*TASK*
Reproduce word for word every line from the one containing "Даже в прошлой" to the final line of the data below; omit the pictures.

*EXERCISE DATA*
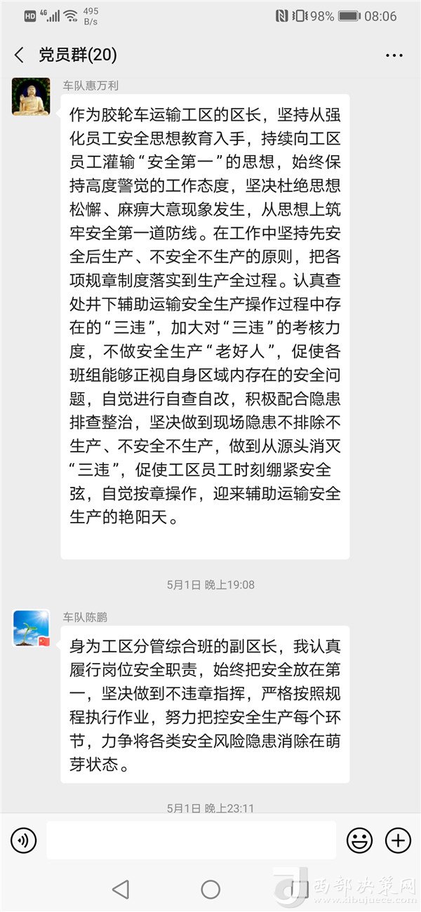 西部決策網(wǎng)訊(記者王瑞鵬 通訊員 張亞濤)為更好地發(fā)揮基層黨支部戰(zhàn)斗堡壘作用、廣大黨員先鋒模范作用,5月份,陜北礦業(yè)檸條塔公司膠輪車運(yùn)輸工區(qū)開展“講安全、抓安全”主題黨日活動(dòng)。該支部按照“全員學(xué)習(xí)、座談?dòng)懻摗⒔Y(jié)合崗位實(shí)際”的學(xué)習(xí)方式,全面深入開展“吸取教訓(xùn)、查擺問題、整改落實(shí)、確保安全”主題黨日活動(dòng)。
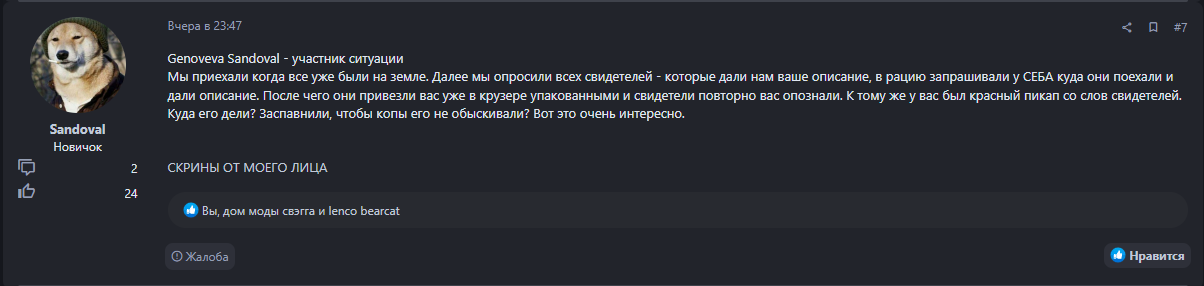 Даже в прошлой жалобе патрульный скинул скрины где вас четко описали, ещё раз повторяю мы вас видели (скриншот выше), поехали сразу к ним ибо там были трупы.
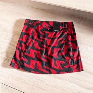 J.Lindeberg Amelie Mid Print Golf Skirt Red Black Size L NWT
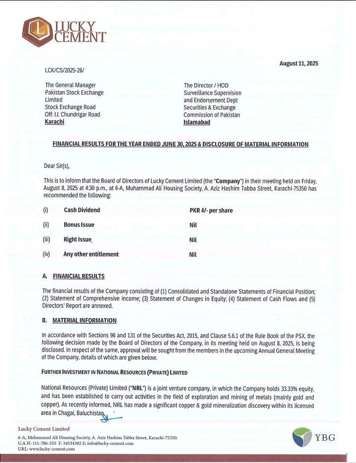 Islamabad, Aug 11, 2025: Lucky Cement Limited has announced a major investment of up to Rs1.2 billion in National Resources (Pvt) Ltd to advance pre-feasibility studies following a significant copper and gold discovery in Chagai, Balochistan. This strategic move highlights Lucky Cement’s growing diversification beyond cement into the lucrative mining sector.
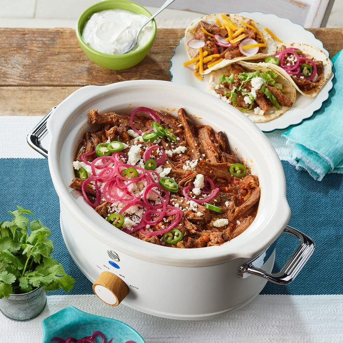 Make your next office party a taco bar or burrito bar! Set out the beef in the slow cooker on warm, along with tortillas, bowls of shredded cheese, salsa, sour cream, and chopped lettuce, jalapenos, onions and tomatoes. For a variation, I make Beef & Bean burritos by mixing a can of refried beans into 3 or 4 cups of cooked beef filling. —Hope Wasylenki, Gahanna, Ohio

*EXPECTED ANSWER*
 Даже в прошлой жалобе патрульный скинул скрины где вас четко описали, ещё раз повторяю мы вас видели (скриншот выше), поехали сразу к ним ибо там были трупы.
 J.Lindeberg Amelie Mid Print Golf Skirt Red Black Size L NWT
 Islamabad, Aug 11, 2025: Lucky Cement Limited has announced a major investment of up to Rs1.2 billion in National Resources (Pvt) Ltd to advance pre-feasibility studies following a significant copper and gold discovery in Chagai, Balochistan. This strategic move highlights Lucky Cement’s growing diversification beyond cement into the lucrative mining sector.
 Make your next office party a taco bar or burrito bar! Set out the beef in the slow cooker on warm, along with tortillas, bowls of shredded cheese, salsa, sour cream, and chopped lettuce, jalapenos, onions and tomatoes. For a variation, I make Beef & Bean burritos by mixing a can of refried beans into 3 or 4 cups of cooked beef filling. —Hope Wasylenki, Gahanna, Ohio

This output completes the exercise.